Bromm sat in the large lounge near the hearth, his round gut billowing over his belt. He looked peaceful, his skin no longer pale and clammy as it had been that day in the bar. And I understood why. Stretched across the divan in a bright yellow dress, Sazi's eyes fluttered tiredly. They suddenly widened as they locked with mine. "Adaira..." Her voice was small and haunting as if she were a ghost, and though she hardly looked like one anymore, something about her newly redeemed strength still haunted me. She slapped a hand into Bromm's gut. He shot upright in a flurry of flailing hands, a loud snort choking him as he sat up. "What..." he began, following her gaze to me. His face sobered instantly.

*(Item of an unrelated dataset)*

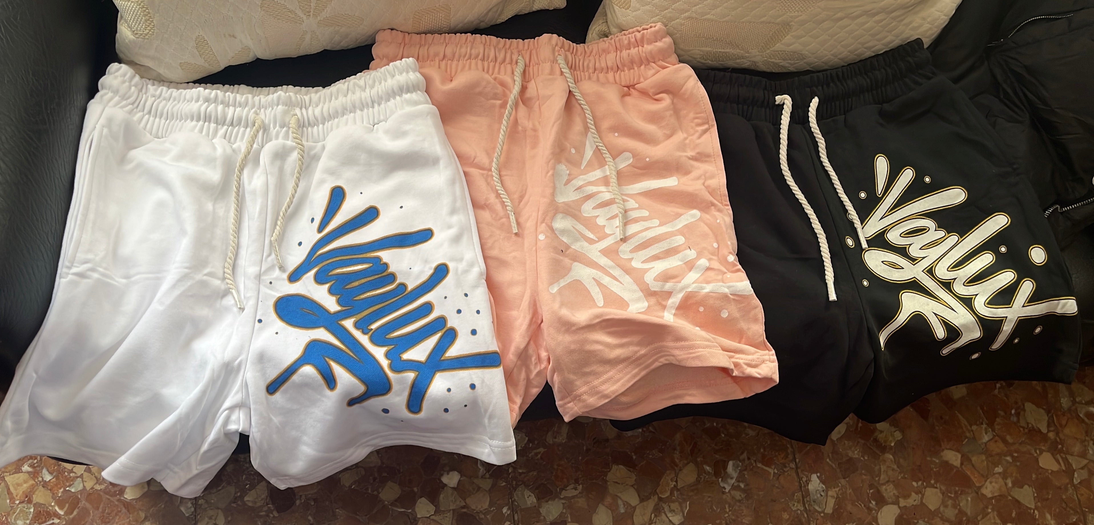 Sleek and street-ready, these black shorts stand out with a clean white graffiti-style Vaylux logo, perfect for sunset chill sessions and casual hangs.

The last time I had seen him he had nearly bashed my head in with a liquor bottle. None of that mattered now as he got to his feet and approached my bed, gripping onto one of the posts. "What are you doing here?" I asked them, flinching at how weak I sounded.

Hendric scooted closer to me. He flashed one of his brilliant smiles at me. It had been so long since I'd seen him so fully alive that it didn't dawn on me the reason for his new energy until he spoke. "We were forced to stay in Kinnot by the blizzard and took shelter in the bar when Sazi woke up." I glanced at Kenji, who lifted the duvet of my bed and curled into my side. I willed the pain to go away and held him to me. "The blood rose is over, Ada. We're free."